When Non-crosslinked type synthetic rubber can be used as a synthetic one Diene-type rubber, such as e.g. an acrylonitrile / isoprene copolymer rubber (NIR), an acrylonitrile / butadiene copolymer rubber (NBR), a styrene / butadiene copolymer rubber (SBR), an isoprene rubber (IR) and a butadiene rubber (BR). The diene type synthetic rubber may be in the form of without limitation a liquid or in the form of a solid. As a synthetic Diene-type rubber can modified NBR, modified BR and the like are used in the one carboxylic acid group, a hydroxyl group or other groups have been introduced.

This Synthetic rubber of non-crosslinked type and this synthetic Partially cross-linked type rubbers can be used singly or in any desired form Combination of the same can be used. Although no special restriction in relation to the amount in which the synthetic rubber is added is generally on the order of 2 to 30% by weight, preferably from 5 to 15 wt .-%, based on the total amount of curable according to the invention Composition.

When Plasticizer may be included in the curable composition of the present invention wide range of compounds known as plasticizers used are without any specific limitation, and examples are phthalates, such as. BBP, DBP, DHP, DOP, DINP and DIDP, benzoates, adipates, glutarates, Phosphates, polyester type plasticizers, epoxy type plasticizers, process oil and liquid paraffin. Among these plasticizers, DIDP, DINP and process oil are preferred. Although no special restriction in Reference to the amount of plasticizer in which it is added should, is, is the amount added usually 100 to 600 parts by weight, preferably 200 to 500 parts by weight, based on 100 parts by weight of the synthetic Rubbers of the present invention (the amount of synthetic Rubber is unchanged, that also applies to the description below). The plasticizers can either used singly or in combination.

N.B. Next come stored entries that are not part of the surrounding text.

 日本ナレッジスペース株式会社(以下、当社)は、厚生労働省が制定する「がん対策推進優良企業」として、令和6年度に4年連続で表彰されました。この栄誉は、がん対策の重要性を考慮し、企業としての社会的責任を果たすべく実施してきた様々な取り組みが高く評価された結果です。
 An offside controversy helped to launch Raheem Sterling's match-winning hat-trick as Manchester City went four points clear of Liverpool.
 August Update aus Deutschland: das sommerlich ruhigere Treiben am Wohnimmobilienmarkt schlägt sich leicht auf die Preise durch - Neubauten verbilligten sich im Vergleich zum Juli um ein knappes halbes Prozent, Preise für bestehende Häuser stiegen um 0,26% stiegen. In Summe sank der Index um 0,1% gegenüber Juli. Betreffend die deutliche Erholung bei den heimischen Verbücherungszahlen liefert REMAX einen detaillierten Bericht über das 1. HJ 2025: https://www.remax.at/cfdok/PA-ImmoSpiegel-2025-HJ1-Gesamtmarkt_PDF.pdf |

When filler can be curable in the inventive Composition a wide range of compounds as filler are known to be used without any particular limitation, and examples of it are calcium carbonate, talc, clay, aluminum hydroxide, calcium hydroxide, Magnesium hydroxide, mica, alumina, magnesium carbonate, silica powder, Cellulose powder, resin powder, e.g. Polyethylene powder and metal powder. About that In addition, as a filler a hollow filler (Lumen filler) and examples are an organic hollow filler (Lumen filler) such as. a polyester resin, a phenol resin, a polyolefin resin, an amino resin, a vinylidene chloride / acrylonitrile copolymer resin and a silicone resin and an inorganic hollow filler, e.g. Sirasu, fly ash, alumina, Glass or carbon. The fillers can either used singly or in combination. Although no special restriction with respect to the amount in which the filler is to be added, exists, amounts to the amount is usually 300 to 600 parts by weight, preferably 350 up to 550 parts by weight.

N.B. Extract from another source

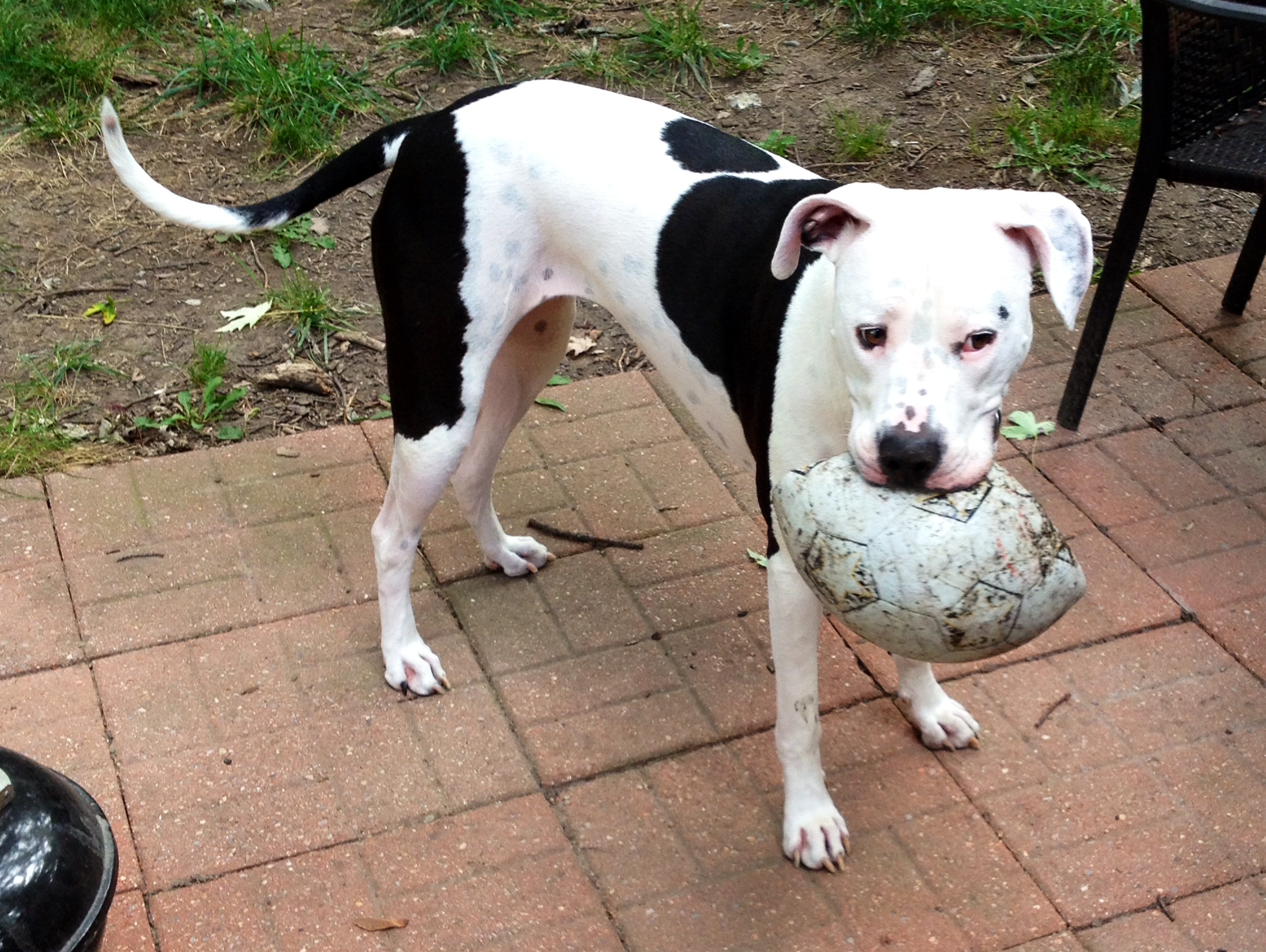 It was a pretty big day for Lois. On her morning walk with Mike to the place we call the Magical Toy Forest, she found an exciting new toy. Now, Lois find toys there all the time, hence the clever name. But today she found a particularly thrilling deflated white rubber soccer ball, and the two have been inseparable ever since.

Preferably becomes a vulcanizing agent or a vulcanization accelerator as a crosslinking agent for the synthetic rubber of the curable composition of the invention was added. As the above-mentioned vulcanizing agent can be used in the curable invention Composition used for example poly-p-dinitrobenzene, Ammonium benzoate, N-N'-m-phenylenedimaleimide, p-quinone dioxime, p, p'-dibenzoylquinone dioxime, 4,4'-dithiodimorpholine, Metal oxides and sulfur or sulfur-type compounds (in In the present invention, sulfur and compounds become sulfur type collectively called "connections of the sulfur type ". Specific examples of Sulfur type compounds are simple sulfur, sulfur chloride, Sulfur dichloride, diethylthiourea, dibutylthiourea, trimethylthiourea, Diorthotolyl thiourea, morpholine disulfide, alkylphenol disulfide, Tetramethylthiuram disulfide and selenium dimethyldithiocarbamate). Under These sulfur type compounds are especially those preferred sulfur-type compounds that are synthetic by heat Rubber can crosslink.

The Vulcanizing agents can either used singly or in combination. Although no special restriction with respect to the amount in which the vulcanizing agent is added should, is, is the amount usually 1 to 100 parts by weight, preferably 1 to 50 parts by weight.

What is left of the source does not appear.